Start of LISTED ENTRIES
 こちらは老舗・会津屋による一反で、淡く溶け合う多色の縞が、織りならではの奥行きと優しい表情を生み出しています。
End of LISTED ENTRIES
Start of LISTED ENTRIES
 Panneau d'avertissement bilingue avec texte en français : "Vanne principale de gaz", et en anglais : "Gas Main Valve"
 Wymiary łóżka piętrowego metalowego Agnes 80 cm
End of LISTED ENTRIES
PROBLEM DETAILS: Within the material above, copy exactly the lines from the line that holds "Panneau d'avertissement bilingue" up to and including the line that holds "Wymiary łóżka piętrowego".

ANSWER AREA:
 Panneau d'avertissement bilingue avec texte en français : "Vanne principale de gaz", et en anglais : "Gas Main Valve"
 Wymiary łóżka piętrowego metalowego Agnes 80 cm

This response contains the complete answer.